How presumptuous. What did he know about Julys in New York? As a matter of fact, they were wet, dreary, unpredictable. All of this, however, was beside the point. Having just arrived, he should want to spend time with his family. They’d have plenty of opportunities to tire of one another.
If there was tension, it was partly attributable to the way Pasha had dealt with his impending visit, which was the way he dealt with all practical matters—avoid until they could be avoided no more, a point decided not by him but by external forces (however hard he tried to ignore these forces, they wouldn’t ignore him). His sister, Marina, had done everything within her power to simplify the process short of chartering a private jet. She’d decided on the dates and sent him the fare for his ticket. They had no money, but Pasha had even less. When he received the envelope with the cash and felt its weight in his palm, it was somehow even less tangible than when he’d been informed it was coming.
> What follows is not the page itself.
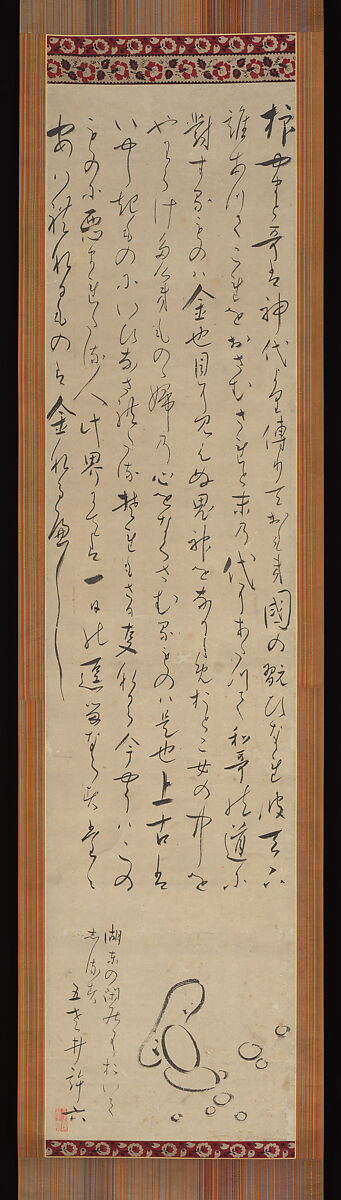 This hanging scroll records reflections on Japanese poetry by Morikawa Kyoriku, a samurai of the Hikone clan who was also a noted poet of haikai (seventeen-syllable verse) in the style of Matsu Bashō, and recognized as one of the master’s ten top pupils. The celebrated poet-calligrapher brushed seven columns of highly cursive, somewhat idiosyncratic, but eminently legible characters—mostly kana (Japanese phonetic writing) with an admixture of kanji (Chinese characters) that punctuate the composition with slightly denser forms. For instance, at the bottom of the second column from the right, we see the characters waka no michi 和哥の道, or the “way of Japanese poetry,” are melded into a column of mostly kana. And as we scan the text elsewhere for easily recognizable phrases, we realize that this is a prose commentary not on haikai, as we would expect, but on waka (courtly verse in thirty-one syllables) and the status of Japanese poetry in general.

He put the envelope in the center of the kitchen table and for the next month endured a dread of mealtimes, indulging the preference to eat at his desk. Nothing happened, yet the days passed. He grew pale and perplexed. There wasn’t a more horrifying, cold-sweat-inducing suspicion than that those external forces had finally decided to give up on him. He spoke regularly with his father, Robert, who wouldn’t dare strain relations by mentioning such banalities as a plane ticket. Marina juggled an increasing number of jobs and was always running in and out of the background, passing on hellos. But one day she grabbed the phone. Evidently she’d lost her sense for small talk and banter, the very traits her new land was known to cultivate. What time do we pick you up? she asked. A silence. I’ll tell you tomorrow, replied Pasha. The travel agency ridiculed him. Tickets now cost twice the amount he’d been sent, money he didn’t have. Marina flew into a howling rage that Pasha couldn’t comprehend—really, it was a simple mistake. Then, just as suddenly, the tempest turned off. The abruptness of the switch from stormy to calm only demonstrated how often such a switch had been practiced, how little faith she had in communicating a message to her brother, and how after all these years she’d come to the cynical conclusion, though she wasn’t cynical in the least, that to take offense was fruitless, that nothing could be worked out but only buried and masked.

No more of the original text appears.